However, for those requests directed to full and partial TCP
offload engines, this methodology allows the generic network
interface driver 212 and the kernel TCP/IP driver 308 to be
entirely bypassed, thus resulting in a significant performance
increase of the system.
[0044] c. Exemplary Replacement Socket Functions and their Process
Flows
[0045] FIGS. 3 through 11 illustrate the process flow for each
replacement socket function. The following is an exemplary
description of the processing needed for each replacement socket
function (implemented in a Solaris environment) before calling the
matching BSD function. The replacement of the Solaris socket with
the BSD socket before calling the appropriate BSD function is
preferably performed first and in the same manner and will not be
included in the description of each replacement socket
function.
[0046] FIG. 3 is a flowchart illustrating the process flow for
initializing a socket replacement function. First, memory is
allocated and initialized as shown in step 302 for the BSD to
Solaris mapping structures. Then, in step 304, the BSD Address
Resolution Protocol (ARP) table is initialized. Following which,
the BSD Route table is initialized in step 306. At this point, the
standard Solaris trap table entries are saved off to a memory
location so they will be available for future replacement.
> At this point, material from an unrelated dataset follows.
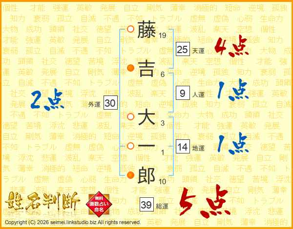 藤(19画)吉(6画) 大(3画)一(1画)郎(10画)

The
Solaris trap table entries are replaced with driver entry points
and their corresponding replacement socket functions, as shown in
step 308, for the following functions:
[0047] Bind, Listen, Accept, Connect, Close, Shutdown, Read,
Receive, Receive_From, Receive_Message, Write, Send, Send_Message,
Send_To, Get_Peer_Name, Get_Sock_Name, Get_Sock_Opt,
Set_Sock_Opt.
[0048] After the trap table entries for the replacement socket
functions have been successfully replaced, initialization is
complete and TCP/IP processing can commence (Step 310).
[0049] FIGS. 4 through 11 illustrate exemplary process flows for
replacement socket functions depicted in step 308 of FIG. 3. FIG. 4
is a flowchart illustrating the process flow for the bind
processing replacement socket function. The bind socket function
sets a local network transport address for a socket. As shown in
step 402, the user space application makes a request to the Solaris
bind socket function that is routed to the corresponding trap table
entry. The user arguments, including a destination address, is
mapped to kernel space in step 404 and further examined to
determine if the network adapter's address is specified (Step 406).
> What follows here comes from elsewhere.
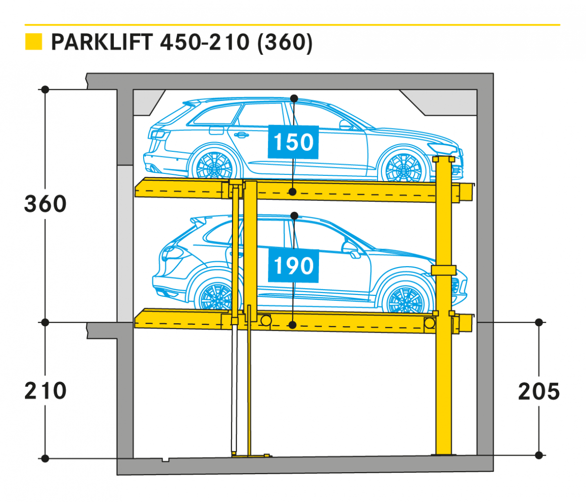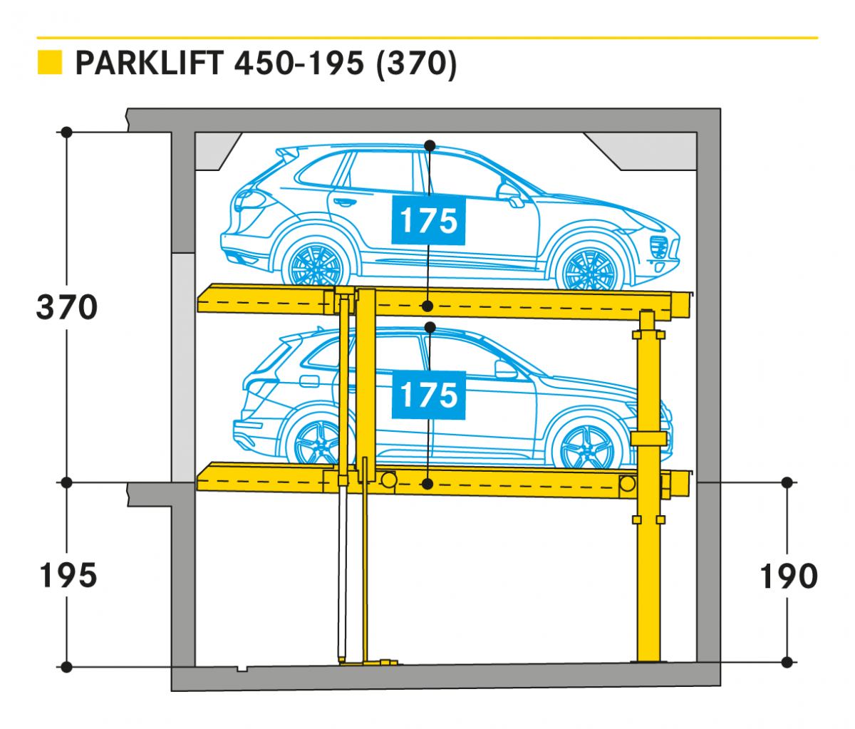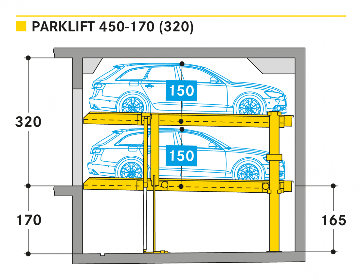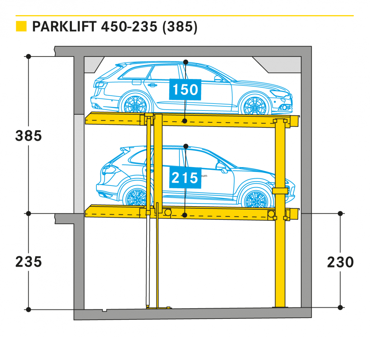 The new Parklift 450 is designed to replace its predecessor, the Parklift 440. The advantages of this newly redeveloped system lie in the reduced installation dimensions, while the vehicle dimensions remain unchanged.

If the address is not found, the user space application request is
passed through to the operating system's network stack as shown in
step 410. If the address supplied matches the address of a TOE
network adapter, a BSD socket is created in step 408. After the BSD
socket has been created, a mapping structure is allocated and
initialized with the Solaris socket handle and the BSD socket
pointer (Step 412). In step 414, the Solaris socket is initialized
and marked for future identification as follows. A pointer to the
mapping structure is saved in the private field of the Solaris
socket for reference by future socket calls. Then, the address
structure is modified from a Solaris address to a BSD address by
copying the address information, excluding the length field, to a
locally allocated BSD structure. The length argument (namelen) is
then copied to the length field of the BSD address. The BSD bind
function can now be supported in the TOE hardware. Hence, as shown
in step 416, the BSD bind function will be called and the status
returned to the operating system, thus completing the bind socket
function processing in step 418.
[0050] FIG. 5 is a flowchart illustrating the process flow for the
listen replacement socket function. The listen replacement socket
function is designed to prepare a socket to receive connections
socket. When the user space application makes a request to the
Solaris socket bind socket function that is routed to the
corresponding trap table entry, as shown in step 502, the listen
socket function first checks the Solaris private field in step 504
to determine whether the socket provided is targeted for the TOE
hardware or a generic network adapter. To determine whether the
socket provided is targeted for the TOE hardware or a generic
network adapter, the listen socket function checks the "marker" of
the Solaris private field. If the "marker" of the Solaris private
field is an even digit, the "marker" indicates that the socket is
not one of the TOE driver's socket functions and the call is passed
immediately to the Solaris network stack as shown in step 508. If
the "marker" of the Solaris private field is an odd digit, the
"marker" indicates the listen request should be processed by the
TOE adapter. The request is passed to step 506 where a sock_pair
mapping is allocated from the private pointer with the least
significant "marker" bit masked off, thus creating a BSD socket in
step 510. As shown in step 512, the BSD listen socket function may
be called directly with the Solaris arguments since the arguments
for the Solaris and BSD listen socket functions call map directly
(excluding the version argument, which in not used by BSD).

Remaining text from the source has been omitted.